(Beginning of Information given)

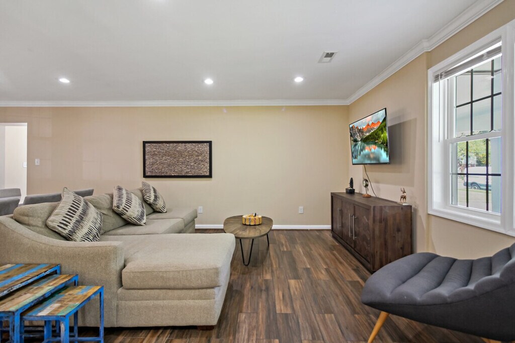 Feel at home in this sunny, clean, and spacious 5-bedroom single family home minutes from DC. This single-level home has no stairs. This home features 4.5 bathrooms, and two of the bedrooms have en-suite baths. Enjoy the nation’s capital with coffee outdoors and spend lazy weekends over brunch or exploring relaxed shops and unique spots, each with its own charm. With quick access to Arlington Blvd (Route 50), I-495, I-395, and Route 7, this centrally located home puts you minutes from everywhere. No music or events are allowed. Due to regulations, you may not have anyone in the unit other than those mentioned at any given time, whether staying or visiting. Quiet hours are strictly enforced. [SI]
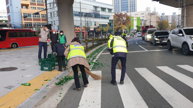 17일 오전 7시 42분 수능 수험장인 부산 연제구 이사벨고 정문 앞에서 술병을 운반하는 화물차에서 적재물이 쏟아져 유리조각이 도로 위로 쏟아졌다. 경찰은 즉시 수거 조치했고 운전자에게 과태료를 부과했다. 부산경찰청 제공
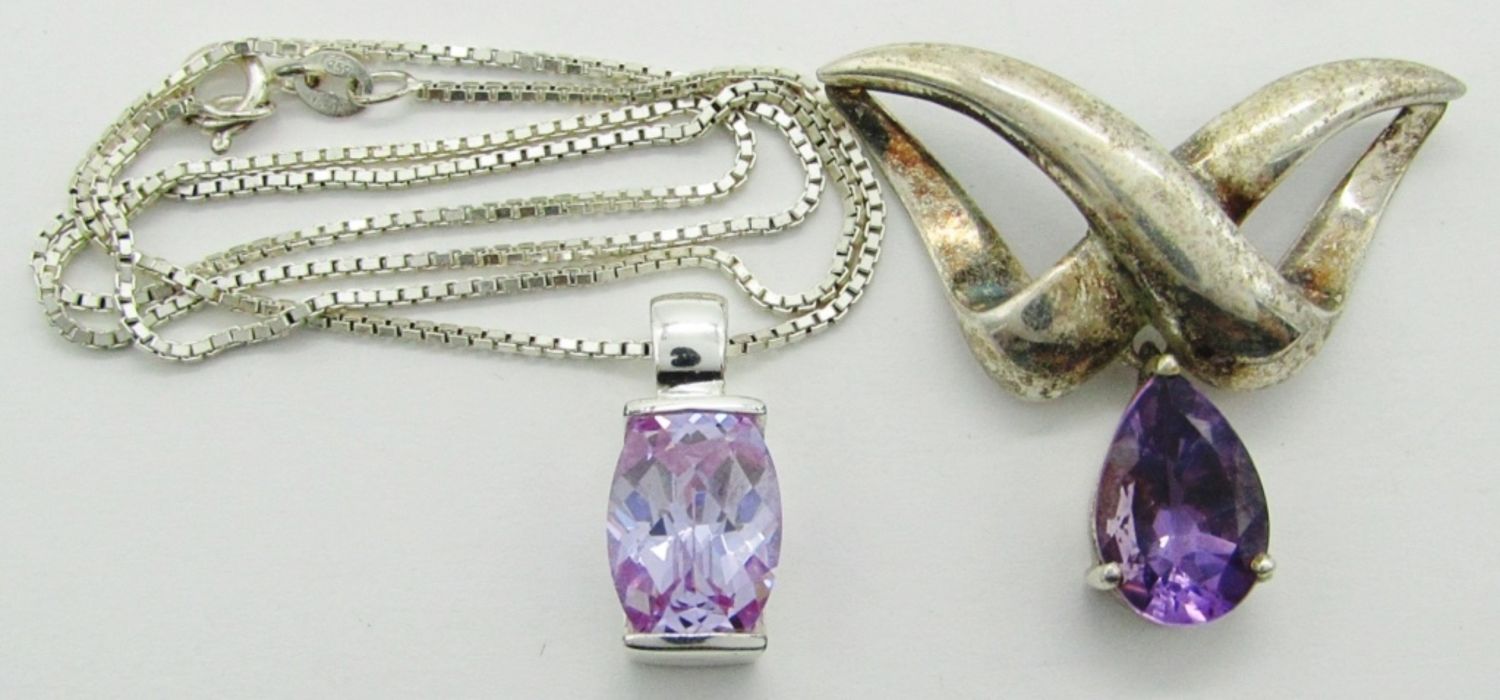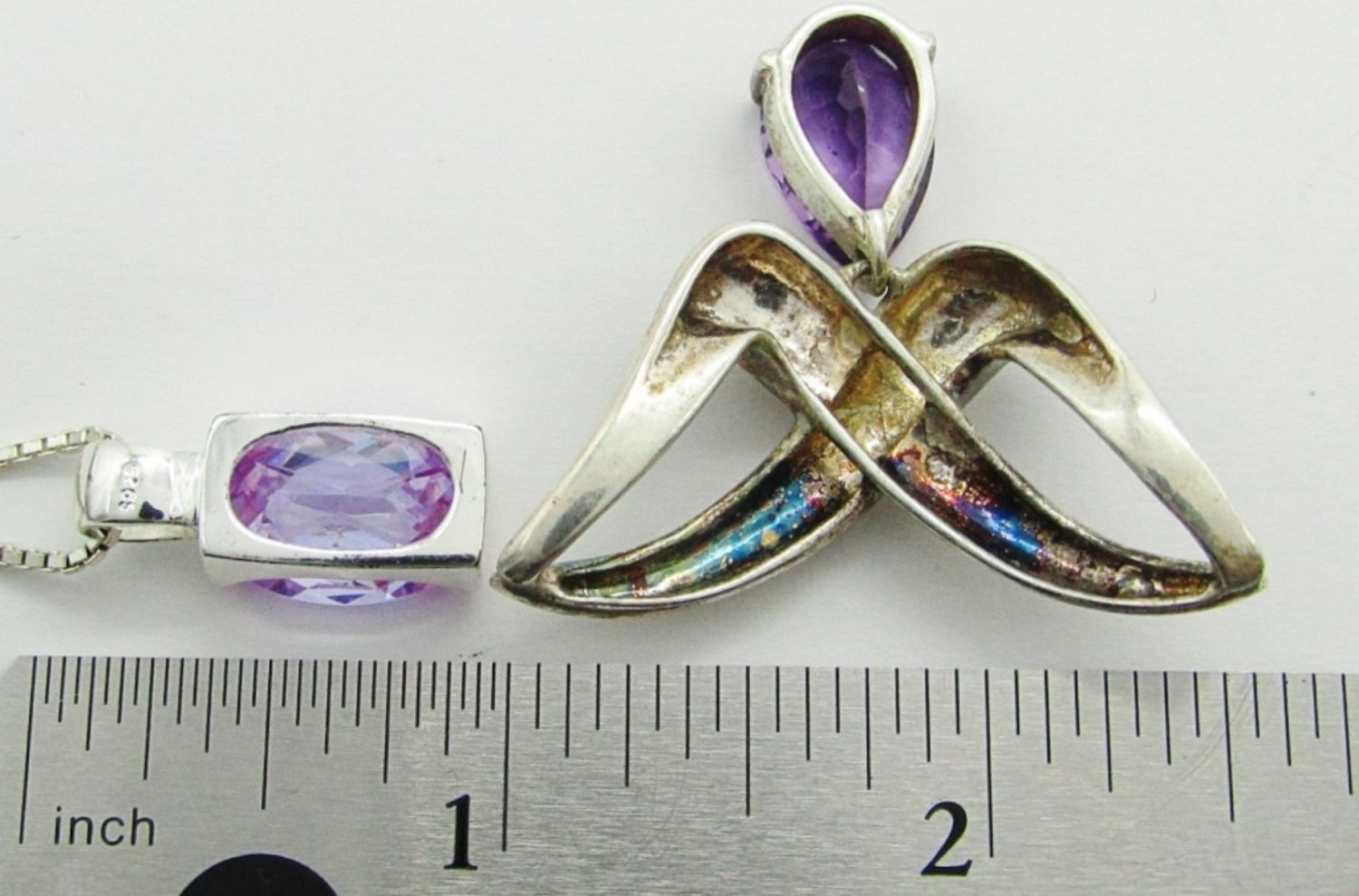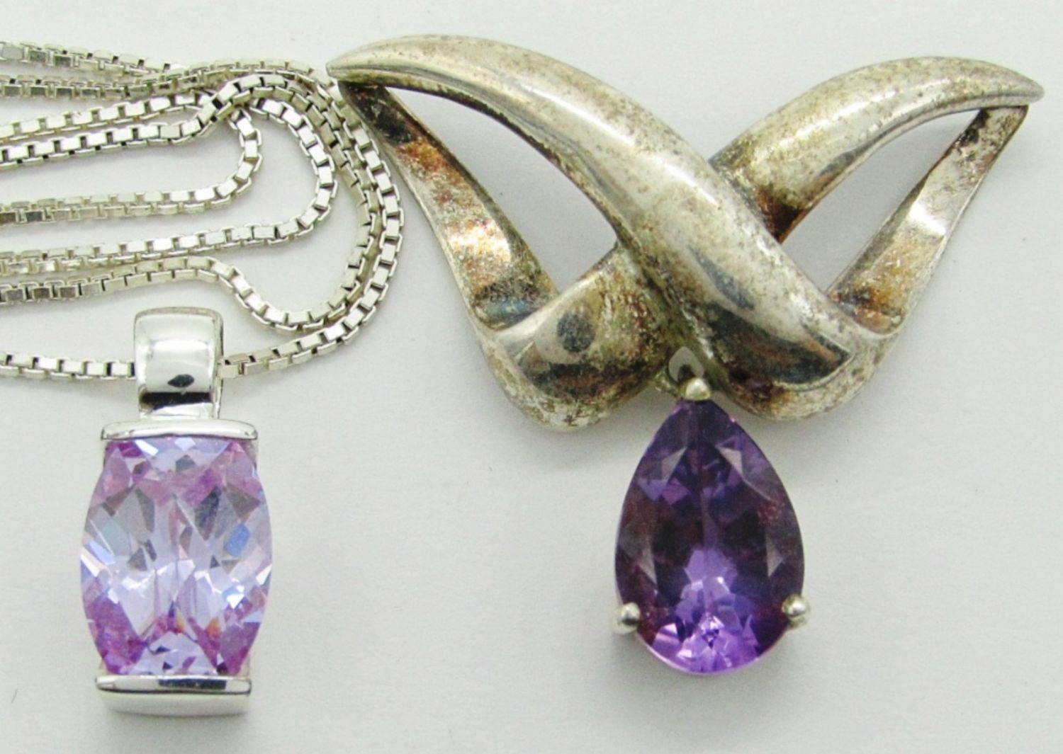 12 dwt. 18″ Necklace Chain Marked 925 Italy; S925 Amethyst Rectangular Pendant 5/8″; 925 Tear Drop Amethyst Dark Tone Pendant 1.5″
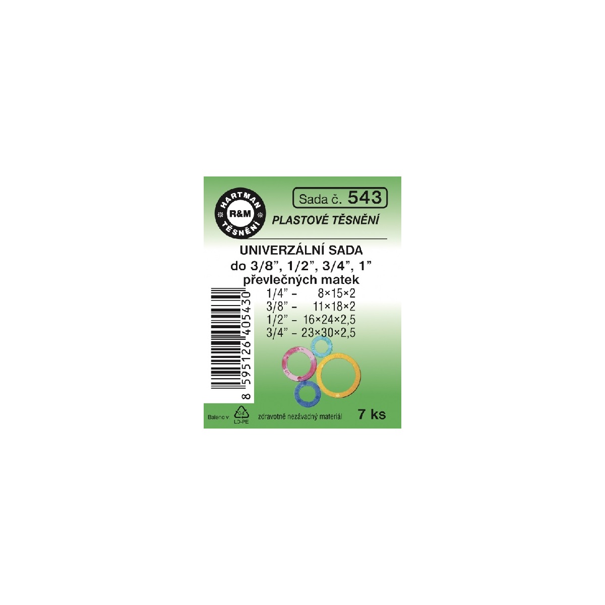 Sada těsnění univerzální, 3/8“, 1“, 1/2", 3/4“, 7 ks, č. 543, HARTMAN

(End of Information given)
(Beginning of Information given)

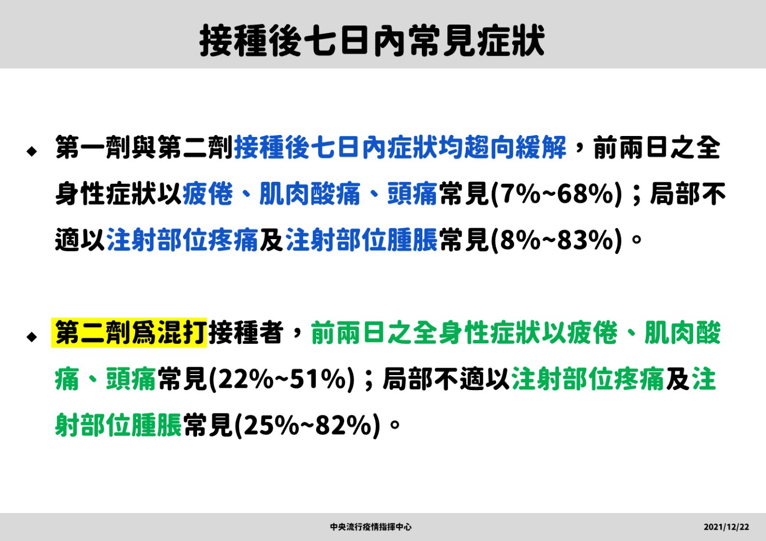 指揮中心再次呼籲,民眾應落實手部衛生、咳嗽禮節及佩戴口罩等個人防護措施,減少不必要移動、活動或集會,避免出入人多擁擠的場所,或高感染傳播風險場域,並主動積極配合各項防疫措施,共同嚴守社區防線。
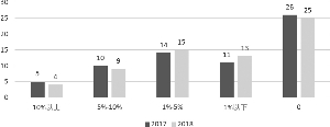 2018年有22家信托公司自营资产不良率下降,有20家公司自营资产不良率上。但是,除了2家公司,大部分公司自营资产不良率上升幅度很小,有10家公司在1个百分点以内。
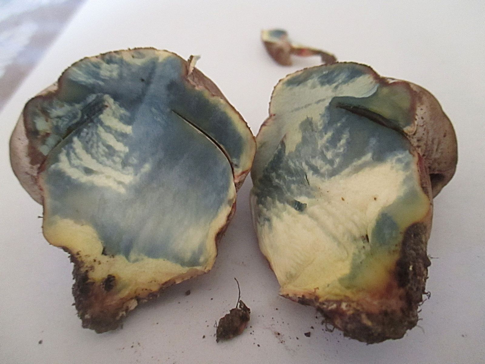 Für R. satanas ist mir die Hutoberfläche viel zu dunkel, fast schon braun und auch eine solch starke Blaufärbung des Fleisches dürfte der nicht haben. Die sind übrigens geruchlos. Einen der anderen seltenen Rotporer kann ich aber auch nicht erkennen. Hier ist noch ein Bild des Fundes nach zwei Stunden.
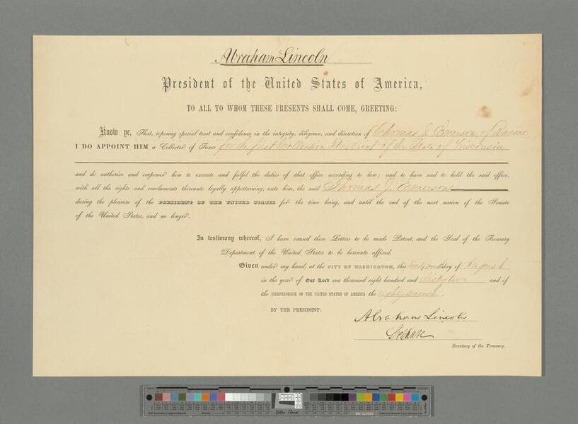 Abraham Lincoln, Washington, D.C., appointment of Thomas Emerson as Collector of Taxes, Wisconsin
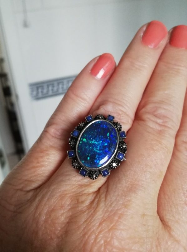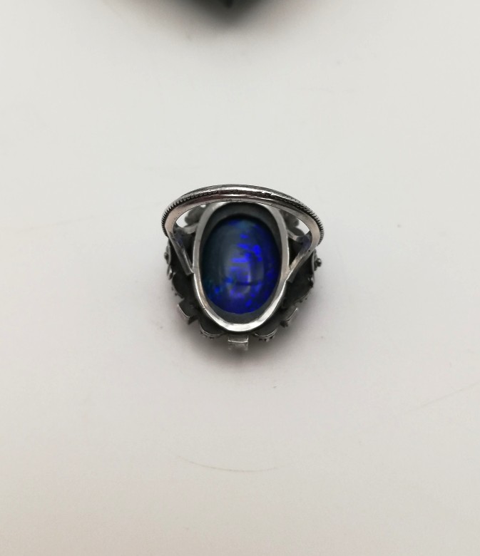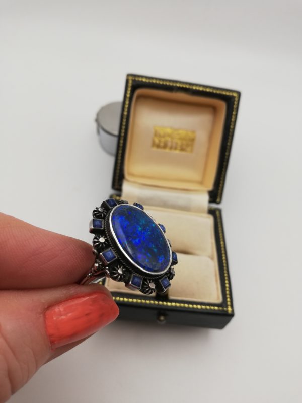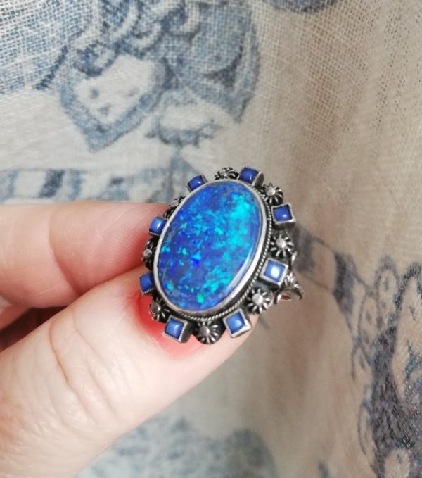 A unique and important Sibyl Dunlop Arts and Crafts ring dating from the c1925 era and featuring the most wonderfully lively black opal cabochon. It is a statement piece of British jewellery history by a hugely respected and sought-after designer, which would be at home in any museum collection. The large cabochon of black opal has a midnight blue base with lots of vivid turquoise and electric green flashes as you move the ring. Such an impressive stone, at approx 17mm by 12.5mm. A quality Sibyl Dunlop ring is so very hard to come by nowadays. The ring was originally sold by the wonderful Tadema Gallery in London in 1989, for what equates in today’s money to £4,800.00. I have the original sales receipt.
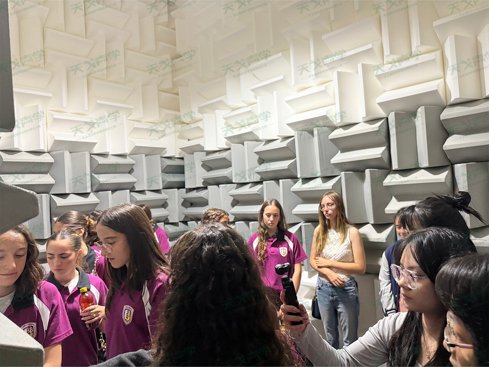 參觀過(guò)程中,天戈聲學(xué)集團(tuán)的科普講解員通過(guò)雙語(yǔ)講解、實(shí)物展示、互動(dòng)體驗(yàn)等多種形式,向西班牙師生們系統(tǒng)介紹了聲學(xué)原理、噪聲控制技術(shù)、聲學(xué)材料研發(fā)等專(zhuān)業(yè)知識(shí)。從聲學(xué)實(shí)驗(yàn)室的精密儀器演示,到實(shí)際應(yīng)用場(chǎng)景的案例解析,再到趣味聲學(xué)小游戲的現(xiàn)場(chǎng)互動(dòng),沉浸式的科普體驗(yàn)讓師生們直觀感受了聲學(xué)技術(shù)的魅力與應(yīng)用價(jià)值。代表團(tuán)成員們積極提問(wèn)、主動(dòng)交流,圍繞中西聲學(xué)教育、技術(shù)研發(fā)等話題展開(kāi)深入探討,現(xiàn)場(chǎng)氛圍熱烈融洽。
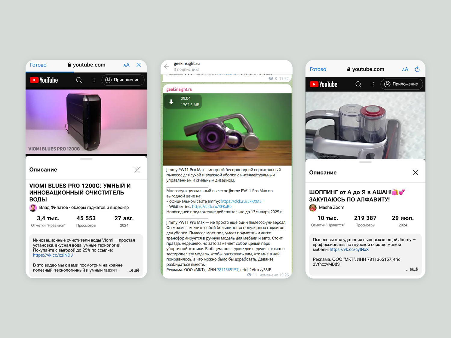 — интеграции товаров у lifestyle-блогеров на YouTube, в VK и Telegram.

(End of Information given)

#### Exercise instructions
A word-for-word reproduction is needed of the lines above from the line containing "指揮中心再次呼籲,民眾應落實" through the line containing "2018年有22家信托公司自", with both ends kept and no pictures.

#### Response box
 指揮中心再次呼籲,民眾應落實手部衛生、咳嗽禮節及佩戴口罩等個人防護措施,減少不必要移動、活動或集會,避免出入人多擁擠的場所,或高感染傳播風險場域,並主動積極配合各項防疫措施,共同嚴守社區防線。
 2018年有22家信托公司自营资产不良率下降,有20家公司自营资产不良率上。但是,除了2家公司,大部分公司自营资产不良率上升幅度很小,有10家公司在1个百分点以内。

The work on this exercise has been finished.